1. Score early and take control
Notre Dame hasn’t lost a match in which they’ve scored first this year, holding an 11-0-2 record in such games. The Irish aren’t a solely defensive team by any means. But they know how to close up shop. In total, Notre Dame has only conceded five goals this season after they open the scoring in a match.
The Irish don’t need a repeat of their win over Duke, where an early goal by graduate student midfielder Ethan O’Brien goal stood after 80 minutes of subsequent Blue Devil pressure. But the chance to set the tone early would no doubt be welcomed by head coach Chad Riley. Notre Dame is bolstered by its collective experience. There have been games this year where the Irish have rolled out a starting lineup containing as many as ten upperclassmen. It wouldn’t be a shock to see the teamsheet on Friday contain up to seven players who saw the field in Notre Dame’s last College Cup outing in 2021. Such composed veteran influences will be well-served if the Irish can take the lead early on and set the tone.
2. Make the most of set-piece opportunities
If you’ve watched a Notre Dame men’s soccer game this year you’ve all but certainly seen the little chyron graphic noting that 16 of the team’s 42 goals have come off set pieces. What’s particularly notable about that stat is that the Irish have enjoyed variation in their set piece excellence. Six of those goals have come either directly or indirectly from free kicks. Another five were created by corner kicks. Add on three penalty kicks and two goals generated by long throw-ins, and Notre Dame has emerged as perhaps the nation’s most prolific team on dead-ball opportunities.
It’s not the aerial prowess of any one player that makes the Irish so good on set pieces. The team’s tallest player usually on the pitch, 6 foot 4 sophomore defender Mitch Ferguson, hasn’t scored a goal this year.
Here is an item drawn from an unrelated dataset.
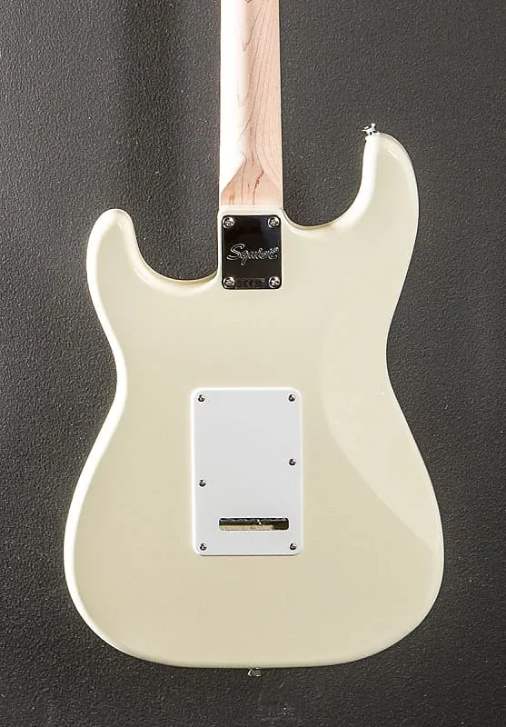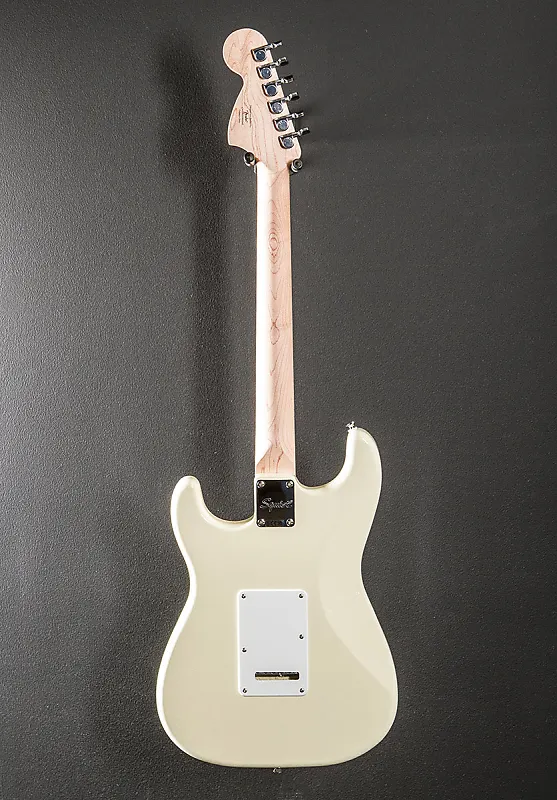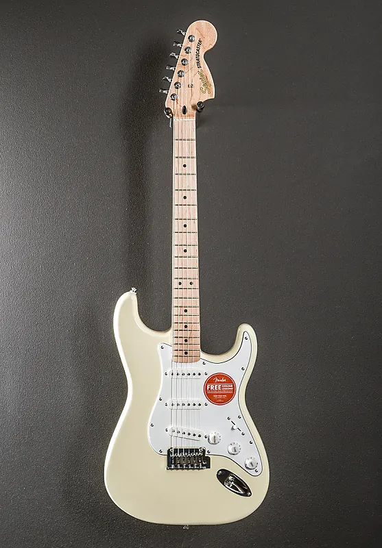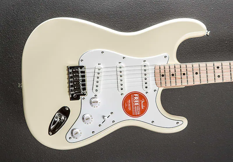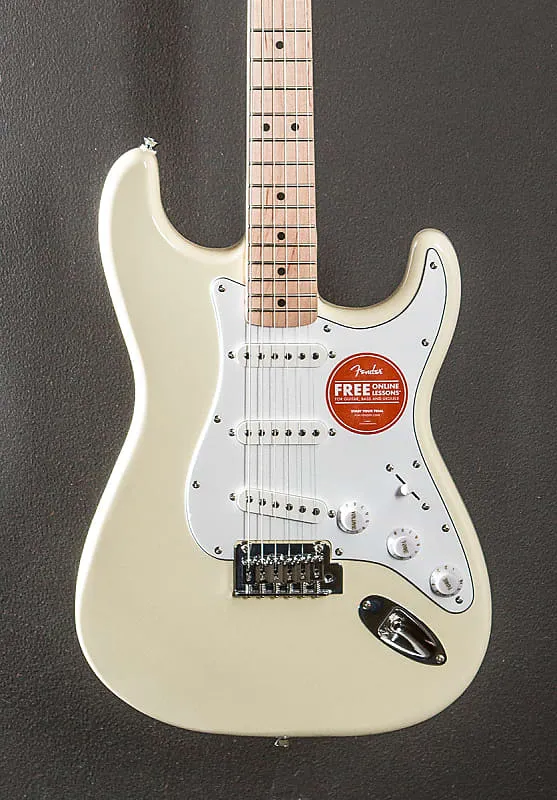 Олимпийский белый, изготовлен в Индонезии, глянцевый полиуретановый корпус, корпус из тополя, C-образный кленовый гриф с кленовым грифом радиусом 9,5 дюйма и средними джамбо-ладами, длина мензуры 25,5 дюйма, ширина порожка 1,650 дюйма, керамические звукосниматели Strat с одной катушкой, 5-позиционное переключение с общей громкостью, тон 1. (нековые/средние звукосниматели) и тембр 2. Органы управления (захват в бридже), двухточечные синхронизированные тремоло с блочными седлами, стандартные литые колки, 7,0 фунтов, чехол не входит в комплект

But Ferguson’s ability to flick the ball forward after rising for an initial header, and the team’s ability as a collective to generate chaos in the penalty box on set piece deliveries, has rapidly risen from a fun quirk to a potent weapon.
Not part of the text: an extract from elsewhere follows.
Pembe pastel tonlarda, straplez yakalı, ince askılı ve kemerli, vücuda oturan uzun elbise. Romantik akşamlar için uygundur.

3. Contain Logan Farrington
It would be a major surprise if much of Oregon State’s attack on Friday didn’t run through Farrington. The senior has been one of the best attackers in college soccer this fall. He’s fourth in the NCAA in total points and his 15 goals are the most of any player still in the tournament. Not only does he lead the Beavers in goals, but he also ranks second on the team in assists with 7.
Farrington has size at 6 foot 2. But he's more than comfortable with the ball at his feet in close quarters. He can threaten the opposing team’s net from just about any angle or distance. And he is also able to set up chances for his teammates. He’s the prototype for a complete center forward.
So how will the Irish backline handle him? Ferguson has the physical presence to do battle with Farrington. Junior defender Josh Ramsey’s finesse in one-on-one defensive situations will be useful as well. How Notre Dame’s preferred centerback partnership teams up in their bid to deny Farrington operating space could be a storyline that helps decide the match’s result.